Is Being an Externally Focused Church enough? Are We Doing What Jesus Said Matters Most?
Almost a decade into our church journey of being externally focused, the city of Longmont called me (Brian). They had a problem with one of the residents. The grass in her yard was five feet tall. They had sent the homeowner several letters asking her to take care of her yard, but to no avail. The city was at the point where they were going to have to send out city workers to take care of the yard. They didn’t want to do this and didn’t want to charge the homeowner, because it was going to be very expensive. So, in a last-ditch effort, they called LifeBridge. It is not uncommon for calls like this to come into our church from the city, the local schools, or other agencies. For years we had been getting into the stream of our community to serve. The city employee asked if we would take care of the woman’s yard for her. I said I would look at the situation and get back to her.
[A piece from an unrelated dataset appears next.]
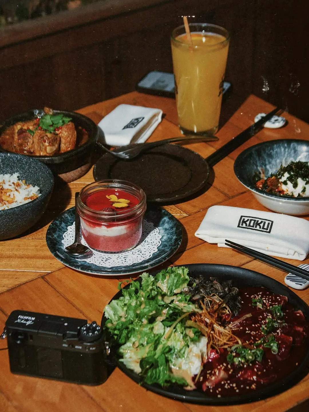 Koku es un restaurante japonés muy popular en la zona y los fines de semana suele haber lista de espera. En la carta encuentras ramen, platillos con wagyu, tiraditos, sashimi, sandos, rollos y hasta pad thai. Entre los más recomendados está el Ramen Curry (preparado con Rib-eye).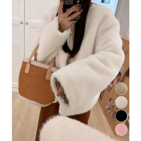 上品な起毛感が目を引く、ノーカラーデザインのファージャケット。

As I was driving up, I spotted the house from blocks away. They weren’t exaggerating. The grass was almost as tall as I. I knocked on the door and a woman in her young thirties answered. Standing next to her was a little girl. I learned that this woman had recently survived stage-four cancer, and she was taking care of the nine-year-old girl, who was in foster care. This woman was tearful and embarrassed about her yard, but she said her health prevented her from trying to take care of it.
My heart broke for her, and I was happy that our church was going to help her. I gathered a dozen people and they brought their own equipment. A few hours later we had the yard looking almost as good as new. We came back the next week to put down some mulch. We prayed for the homeowner, and we felt great about what we had done. I was proud of our people, and I was glad the city knew they could call us and count on us to take care of it. It was fun to pat ourselves on the back. Over the next year, I called the woman a couple of times to see how she was doing. After the second call, while I was silently congratulating myself, the Holy Spirit said: “This is nothing to be proud of. This should never have even happened.”
I immediately knew the full meaning of this gentle rebuke by God. The woman’s grass should never have grown more than six inches tall. I started thinking how I would’ve done things differently if I’d received that phone call today. Each time I reviewed it, I made a little more progress. First, I wouldn’t just ask a dozen random people from our church. Instead, I would look to see who lived near her. We have several families within a couple blocks of her house. I would’ve called them and asked them to help me help their neighbor. Then I thought I would go even one better. I would ask them to help me, but I would also ask them to knock on their neighbors’ doors, no matter if they were Christian or not, and invite them to join them in helping this woman.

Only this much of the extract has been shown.